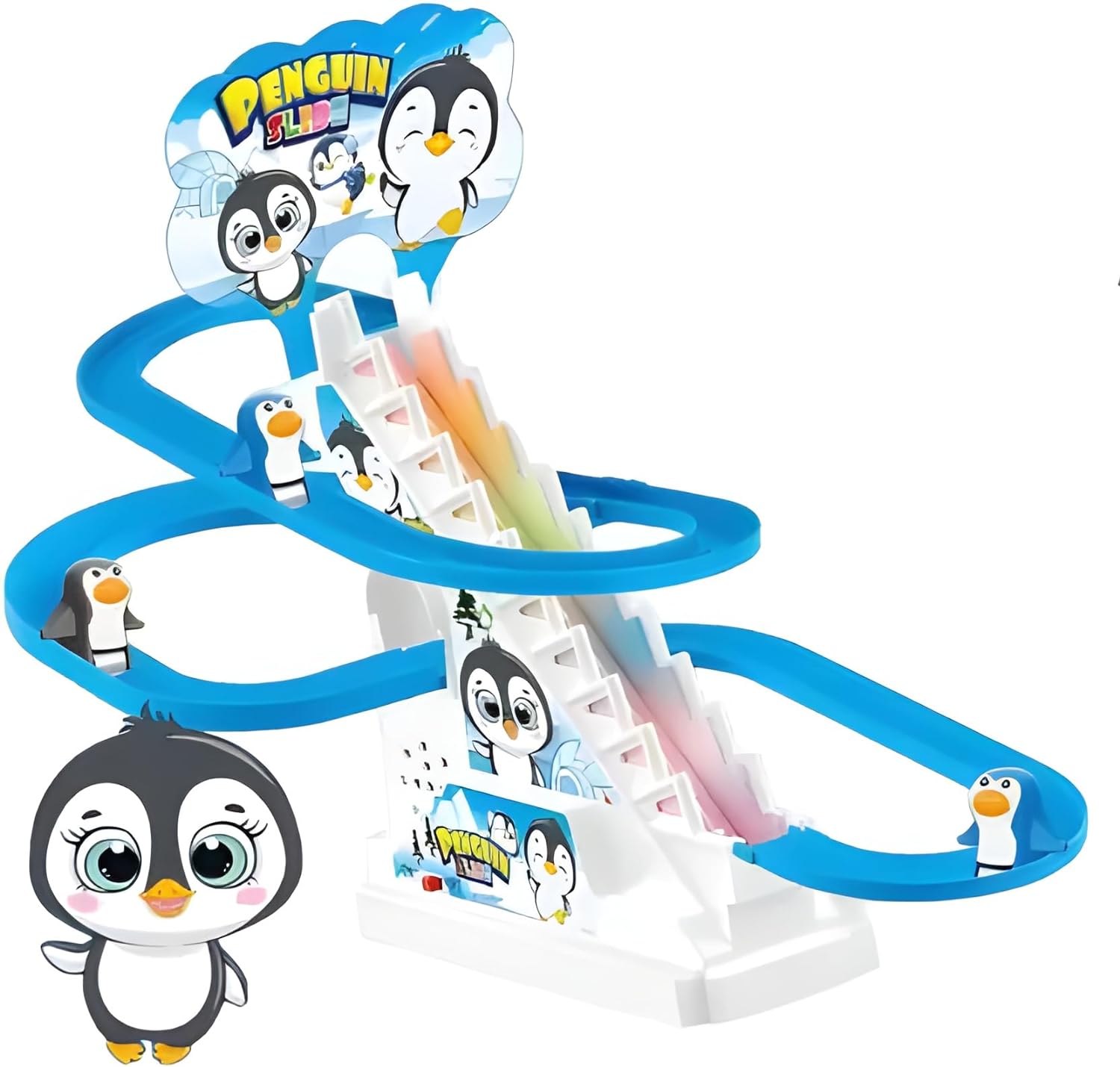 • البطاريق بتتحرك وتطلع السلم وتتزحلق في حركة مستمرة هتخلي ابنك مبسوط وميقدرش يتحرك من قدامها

...

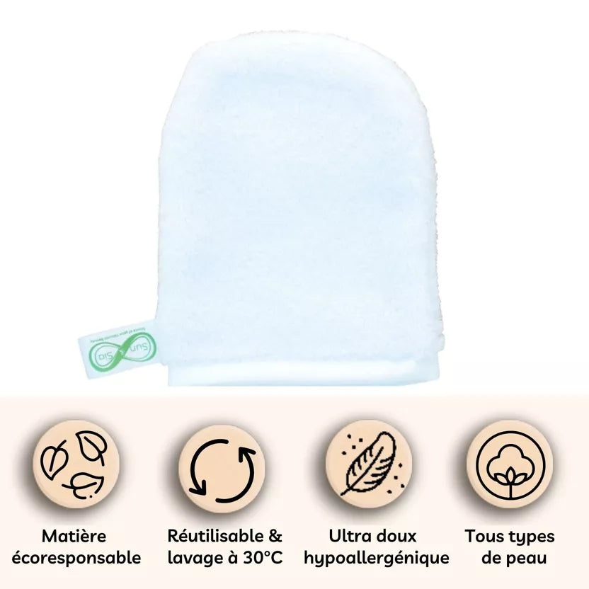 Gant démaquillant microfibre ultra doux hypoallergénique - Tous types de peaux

* * *

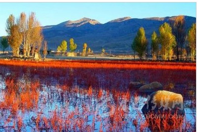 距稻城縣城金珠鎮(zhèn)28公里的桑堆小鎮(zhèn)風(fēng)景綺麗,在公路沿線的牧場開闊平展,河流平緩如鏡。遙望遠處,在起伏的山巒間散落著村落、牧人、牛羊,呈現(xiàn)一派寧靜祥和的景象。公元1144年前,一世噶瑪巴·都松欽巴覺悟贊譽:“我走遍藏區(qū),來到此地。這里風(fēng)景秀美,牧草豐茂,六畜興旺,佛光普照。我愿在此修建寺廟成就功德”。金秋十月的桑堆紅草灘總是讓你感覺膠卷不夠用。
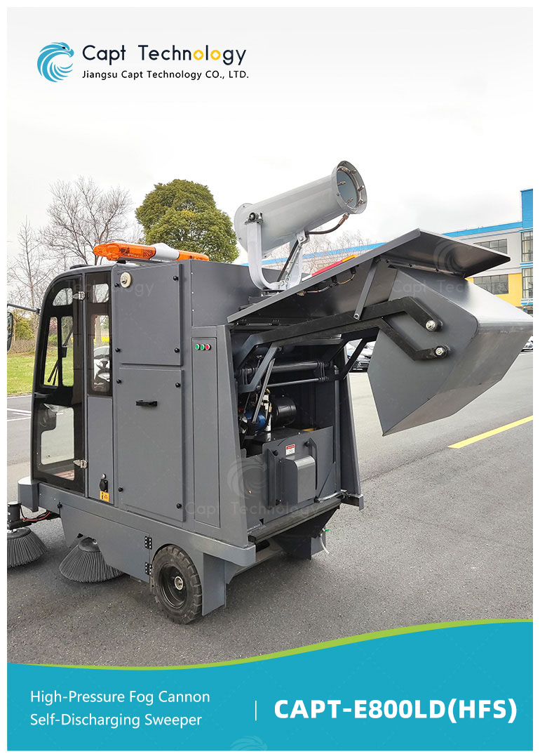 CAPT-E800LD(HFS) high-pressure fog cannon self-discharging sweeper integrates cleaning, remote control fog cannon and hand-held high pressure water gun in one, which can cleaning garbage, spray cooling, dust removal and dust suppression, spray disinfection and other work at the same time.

◆ To do ◆
Extract, without any images, the part of the material above that opens with the line containing "距稻城縣城金珠鎮(zhèn)" and closes with the line containing "CAPT-E800LD(HFS) high-pressure fog", both lines included.

◆ Task answer ◆
 距稻城縣城金珠鎮(zhèn)28公里的桑堆小鎮(zhèn)風(fēng)景綺麗,在公路沿線的牧場開闊平展,河流平緩如鏡。遙望遠處,在起伏的山巒間散落著村落、牧人、牛羊,呈現(xiàn)一派寧靜祥和的景象。公元1144年前,一世噶瑪巴·都松欽巴覺悟贊譽:“我走遍藏區(qū),來到此地。這里風(fēng)景秀美,牧草豐茂,六畜興旺,佛光普照。我愿在此修建寺廟成就功德”。金秋十月的桑堆紅草灘總是讓你感覺膠卷不夠用。
 CAPT-E800LD(HFS) high-pressure fog cannon self-discharging sweeper integrates cleaning, remote control fog cannon and hand-held high pressure water gun in one, which can cleaning garbage, spray cooling, dust removal and dust suppression, spray disinfection and other work at the same time.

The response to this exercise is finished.